On the morning of 8 November 1987, Alberta pinned her WRAF medals onto her grey woollen coat. "I'd trouble getting the medals straight this morning, " she joked to her friend Lily Irvine as they walked to the cenotaph.

Even after she retired, Alberta (72) was known as 'Sister Quinton'. A widow, she had a daughter and three sons. Aileen worked as a management consultant in London. "I was in my flat, crocheting a tablecloth for mummy, when there was a newsflash of a bomb in Enniskillen. I tried to ring home but the lines were jammed. When I did get through, she couldn't be located, but I reckoned she was using her nursing experience to assist the injured."

But Alberta had been killed. "She helped so many people die with dignity, she deserved a better death than she got, " Aileen says.

"Afterwards, we discovered a suitcase under her bed, full of toys for our cousin's children for Christmas. While she was planning to bring joy into other people's lives, the bombers were planning destruction for hers."
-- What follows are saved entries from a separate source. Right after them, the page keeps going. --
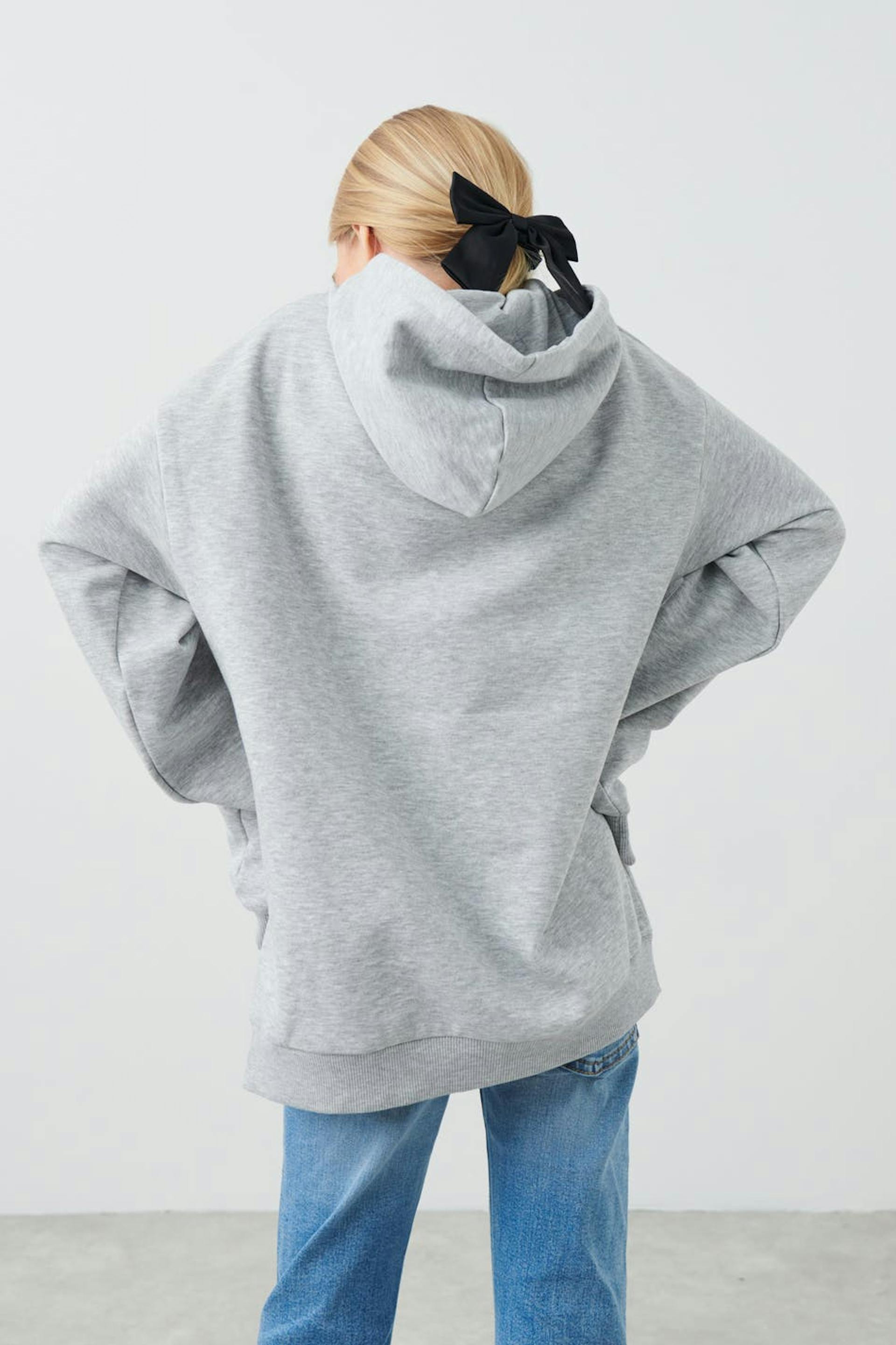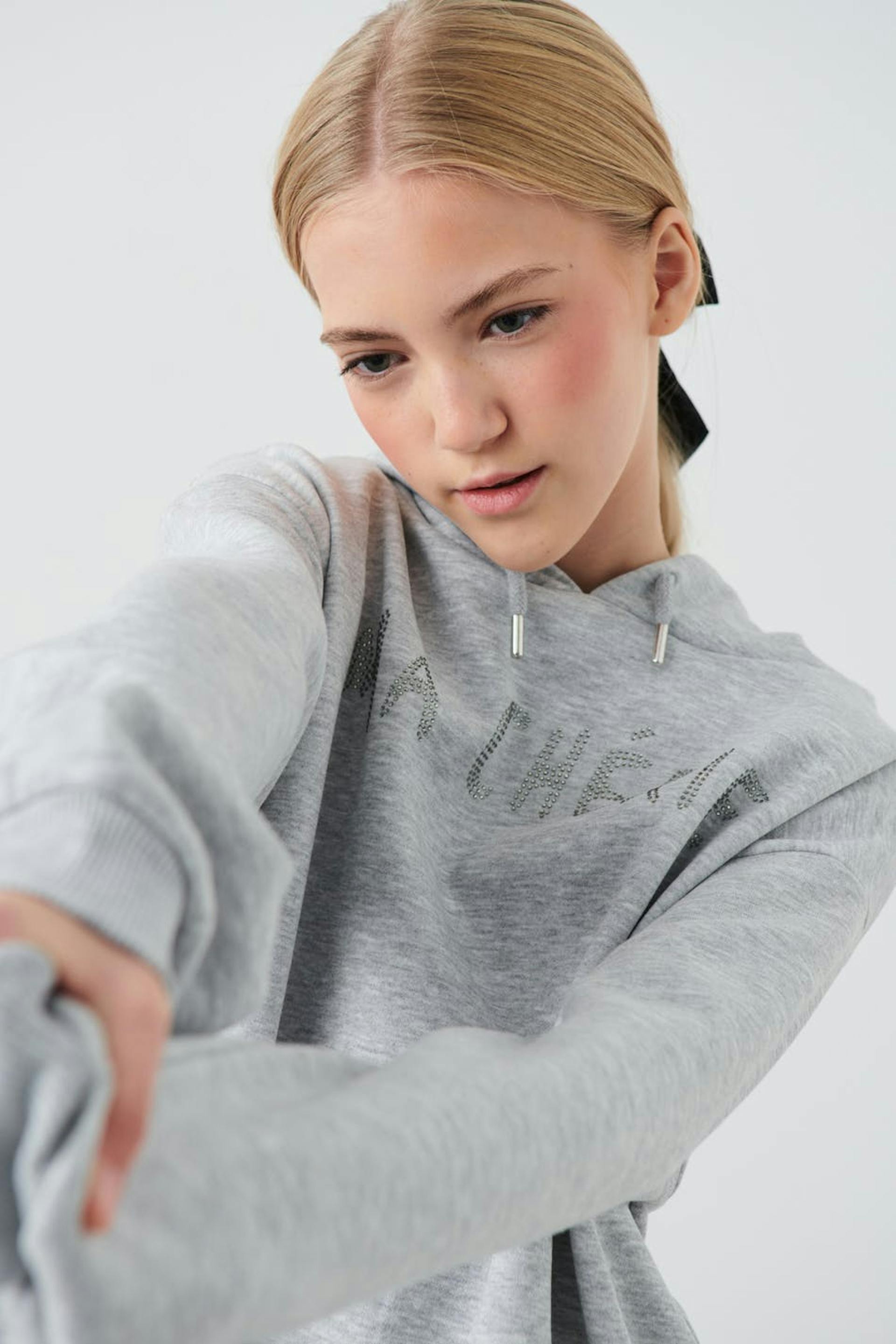 Hoodie aus weichem Trikot mit einer Oversize-Passform. Der Hoodie ist grau und hat Druck mit Strass vorne. Er hat Kapuze mit Kordelzug und Bündchen an den Ärmelenden und an der Unterkante.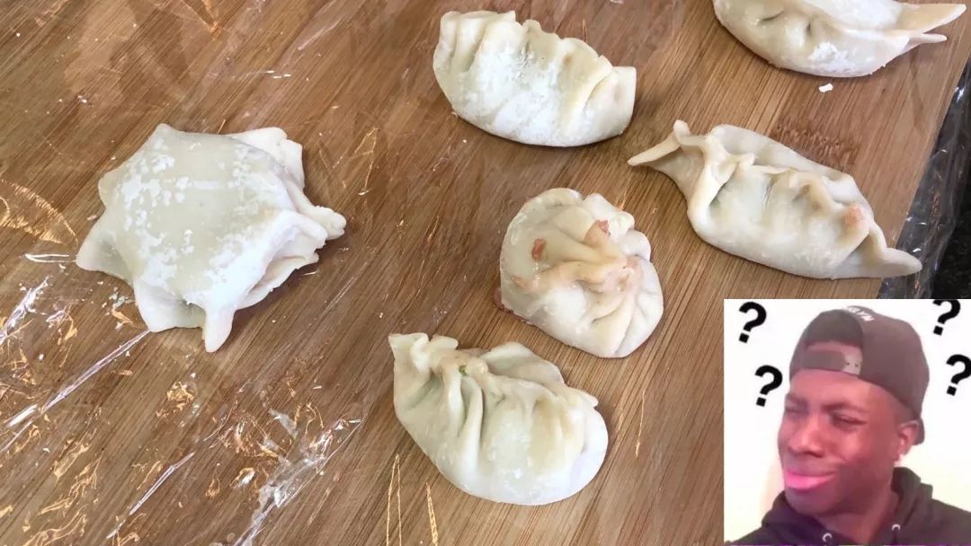 「妈呀,这根本不是饺子啊,这个右边的绝对是人造肉,这一点也不香啊。」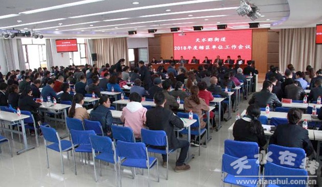 2018年3月30日下午,天水郡街道辦事處在天水市第三人民醫(yī)院十二樓多功能會議室召開2018年度轄區(qū)工作會暨表彰大會。參加會議的有街道黨工委班子成員、街道社區(qū)全體干部職工、轄區(qū)單位負責人以及居民代表共計180余人,會議由街道黨工委書記成軍同志主持。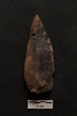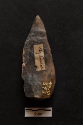 | Description / विवरण | Blade cum point, pointed distal end, diffused bulb with striking platform at proximal end, a ridge on dorsal surface, use-ware marks on both working edges |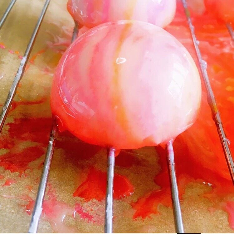 27. 将桃红色,白色,米黄色的镜面依次倒入粉色镜面中,轻轻搅拌几下,不要过度,否则就不会有梦幻的效果啦。镜面温度在32度时效果最佳。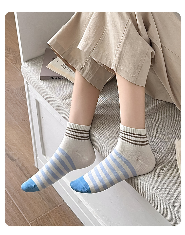 女性用春夏無地二重編みミドル丈ソックス卸売 日本風ストライプトレンド 韓国東大門風重ね履きソックス 吸汗性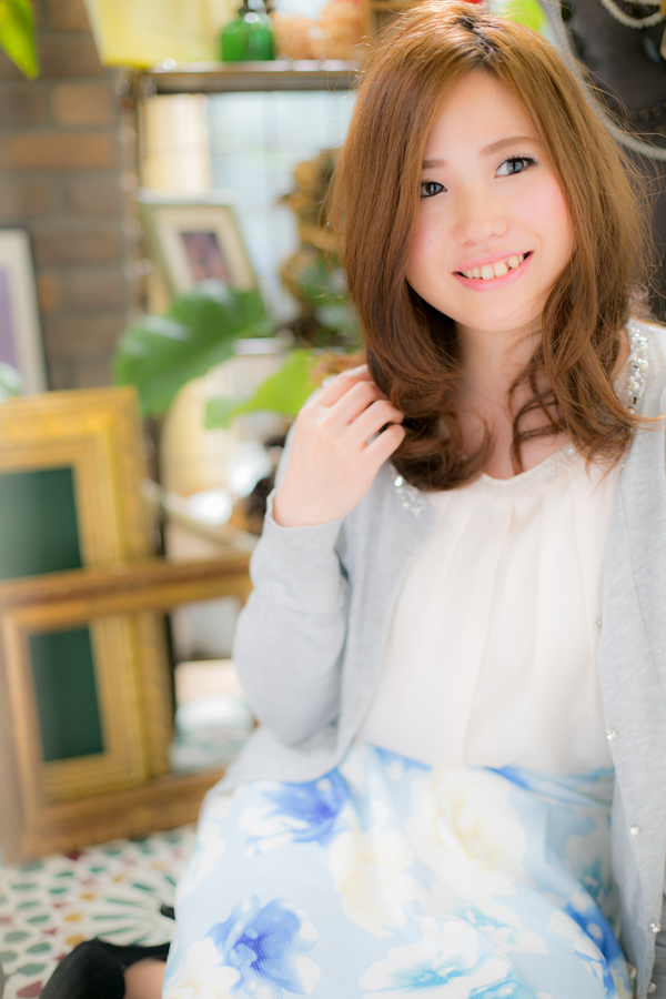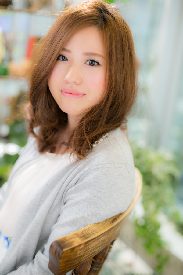 ランダムのカールで、肩にあたってハネてしまってもサマになるように、レイヤーを入れて動きを出しました。かきあげバングで、デキる女性を演出。肩のカールで、気になるお顔周りの骨格もカバーできますよ♪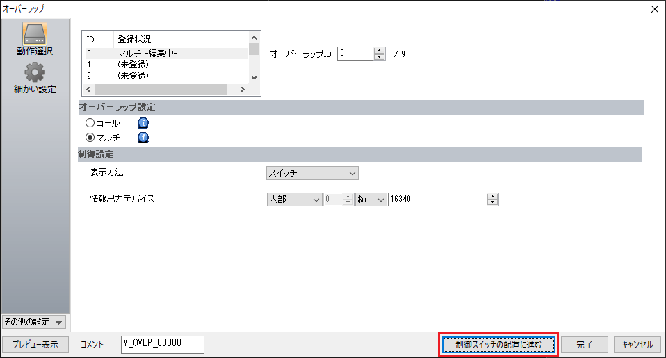 配置したオーバーラップアイコンの「オーバーラップID」と、スイッチの機能→「オーバーラップID」は合わせておきます。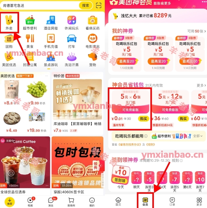 美团APP首页“外卖”,底部“神会员”,部分地区有0.01亓买6张5亓膨胀神券如无可借鉴:每天每个手机号最多可反复买5次!这是膨胀神券,团购和外卖等等都可以用,微xin识别,输入手机号直接买,在美团卡包中查看,有6张5亓膨胀神券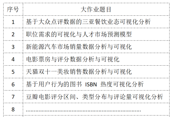 在项目选题与成果呈现方面,课程提供覆盖“行业数据洞察—预测建模—可视化系统实现”的参考题库,引导学生结合兴趣与应用场景自主立题,其中包含“职位需求的可视化与人才市场预测模型”“豆瓣读书结构化数据分析可视化”“智能手机市场销量的数据分析与可视化”等方向。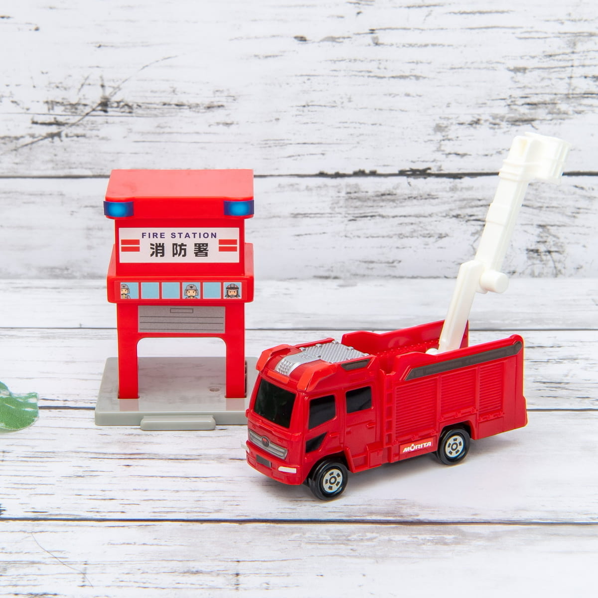 第1弾「卜ミカのまち」は働く車と建物パーツのセットで、「消防署&モリタ13mブーム付多目的消防ポンプ自動車MVF」や、「マクドナルド レストラン&マクドナルドデリバリーバイク」など、建物パーツとの組み合わせで遊びの幅がさらに広がります。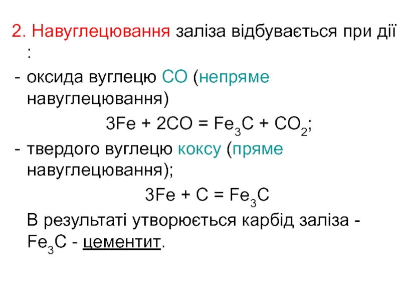 Слайд 272. Навуглецювання заліза відбувається при дії :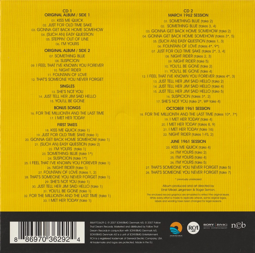The second pressing of this set, released in 2012, can be distinguished from the original pressing by the matrix number printed on the silver side of the CDs. On the first pressing it has "FTD 68-1" and "FTD 68-2", but the second pressing has the catalogue number "88697 06329-2" printed instead, even though it's a mistake as the actual number should be "88697 03629-2"!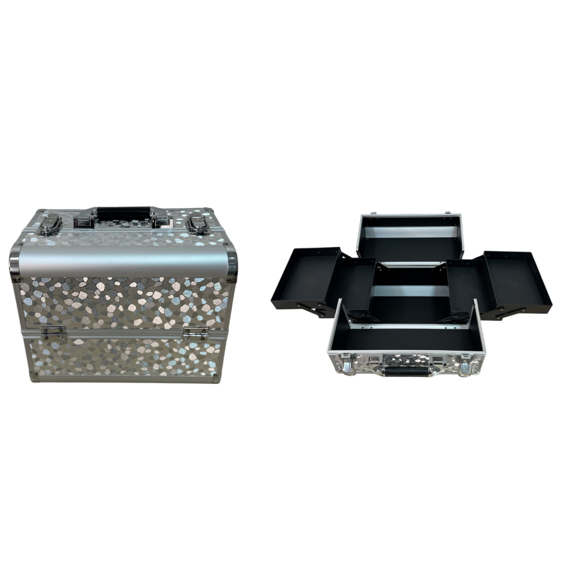 Descrição: Uso profissional e pessoal; Para guarda e transporte de maquiagens, bijuterias, joias e acessórios; Acessório que não pode faltar para os maquiadores; Design e estampa modernos; Lindo acabamento com perfis de alumínio; Fechadura com 2 chaves (1 reserva);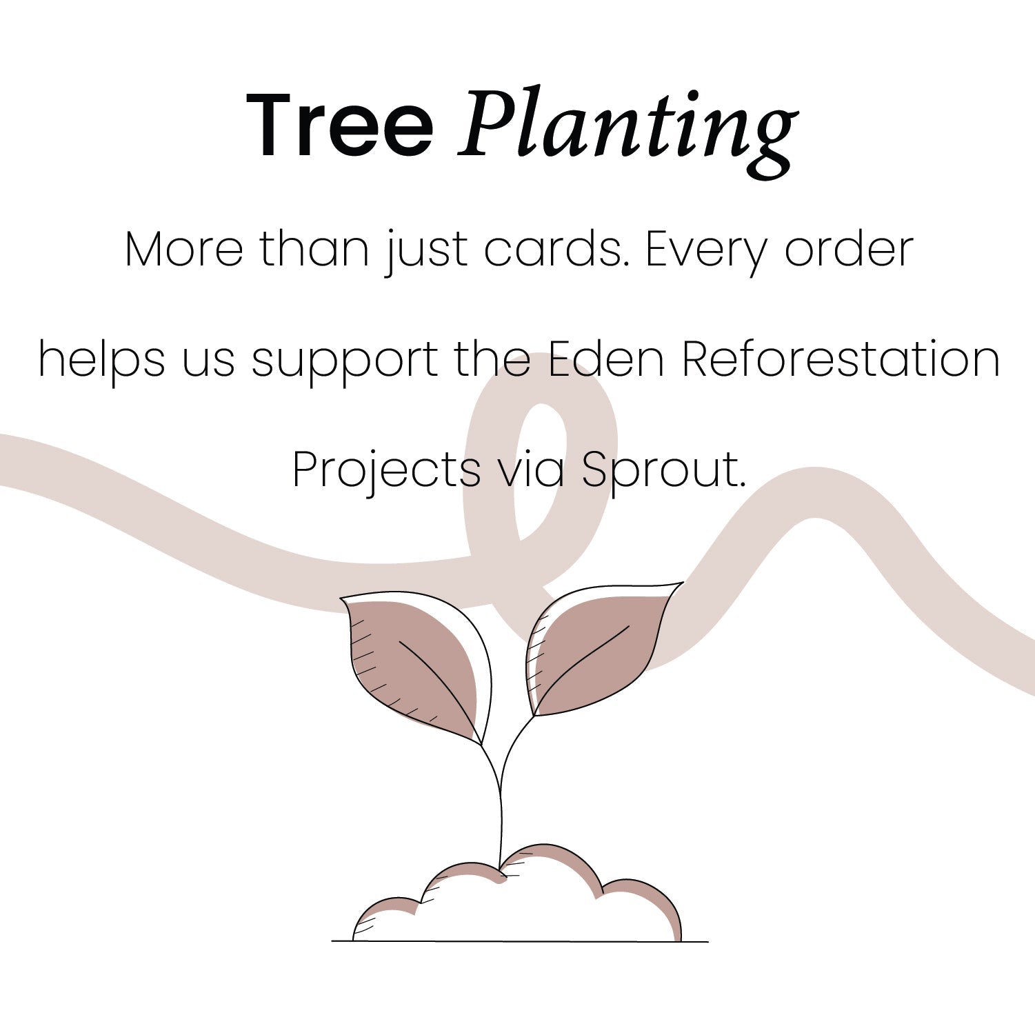 🌱 Support Reforestation: With every order, we contribute to tree planting initiatives through Sprout and the Eden Reforestation Projects. Choosing our cards helps replenish the planet's forests, making your celebration part of a larger global impact.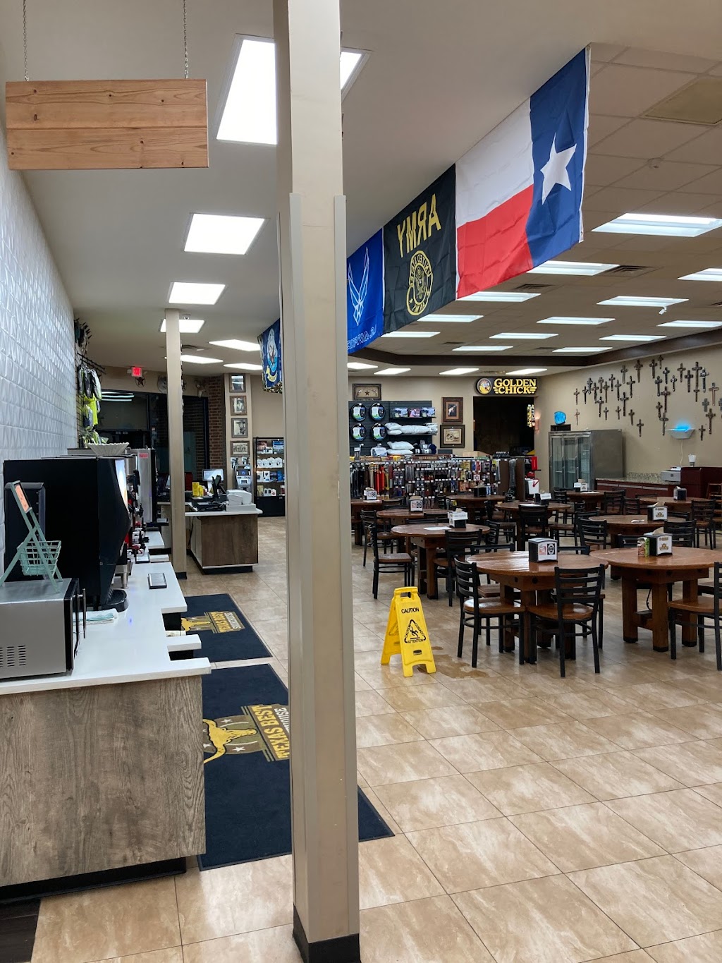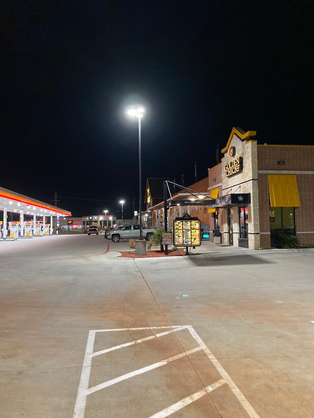 Nice truck stop for truck drivers . Nice parking for big trucks plus def fluid at the pumps . And they have really nice and clean restrooms and they have 3 restaurants here golden chic, Steak ‘n Shake , Texas best bbq. Also a drivers lounge. Need I say more !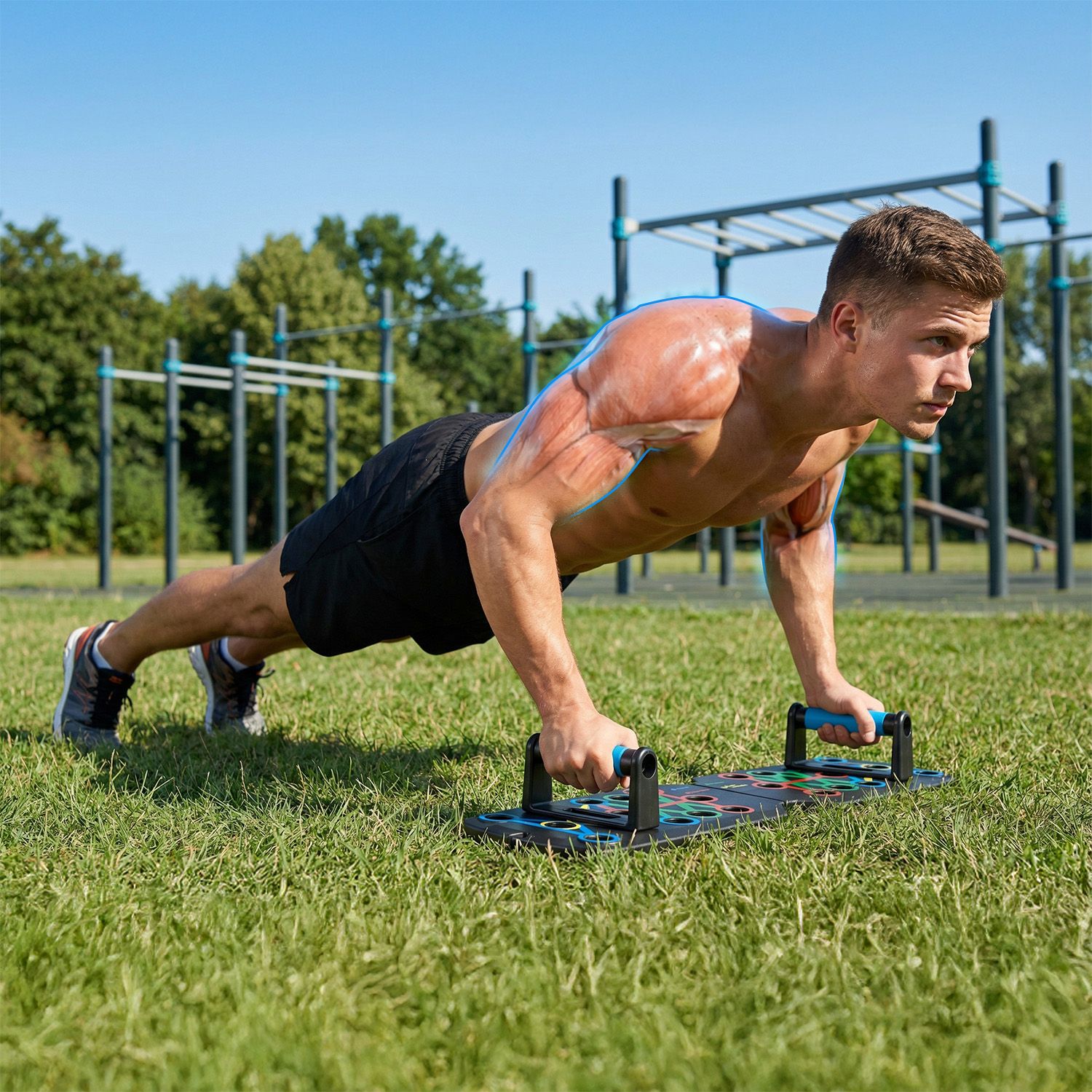 Deska do pompek Gymtek to wszechstronne narzędzie treningowe, które dzięki różnym ustawieniom uchwytów angażuje klatkę piersiową, plecy, barki i tricepsy, wspierając kompleksowy rozwój sylwetki. Jej kompaktowa i składana forma sprawia, że łatwo ją przechowywać i zabrać ze sobą wszędzie – sprawdzi się zarówno w domu, jak i na siłowni czy podczas treningu na świeżym powietrzu. Solidna konstrukcja i antypoślizgowe podkładki gwarantują stabilność oraz komfort użytkowania, nawet przy intensywnym obciążeniu. To idealne rozwiązanie dla osób, które cenią efektywność i mobilność w codziennym treningu.

Alberta was the kind of woman "who could make everything right by simply being there", Aileen says. "She was great fun too. One evening, we watched an old RAF boy on This is Your Life and mummy said, 'Oh, I danced with him!' After she died, my brother found her war diary. There were entries about being regularly told off by matron about her new hairstyles.

"There were dances every night and entries about all the men she partnered. Apparently, the boys thought my mother and her friends were 'first-raters'. Christopher said we better keep quiet about the diary, otherwise the RAF might want the medals back! I'd a great laugh at that but it was sad too . . . I just wished she was alive so I could tease her about it."

After the bombing, Aileen was off work 18 months. "I thought about suicide. It's not that I wanted to die, I just didn't want to be conscious.

The bereaved and injured were offered no counselling. There was all this talk about how marvellous we were, but no practical help."

Aileen opposes Sinn Fein in government.

She points to Paul Quinn's murder last week.

"I don't forgive the bombers because they've never repented, but I'm not bitter, " she says.

"My mother's tragedy was the way she died. Her killers' tragedy is the way they lived. For me, it's not a choice of either hating or forgiving . . . there's another point in the triangle."

Aileen never got to give her mother the tablecloth she'd been crocheting. But seven weeks after the bomb, on Christmas eve, Aileen arrived at Joan Wilson's door with tears in her eyes: "I'd lost my mother, Joan had lost her daughter. Mummy had been a nurse, Marie was a student nurse. I gave Joan the tablecloth. We, the ones left behind, found comfort in each other."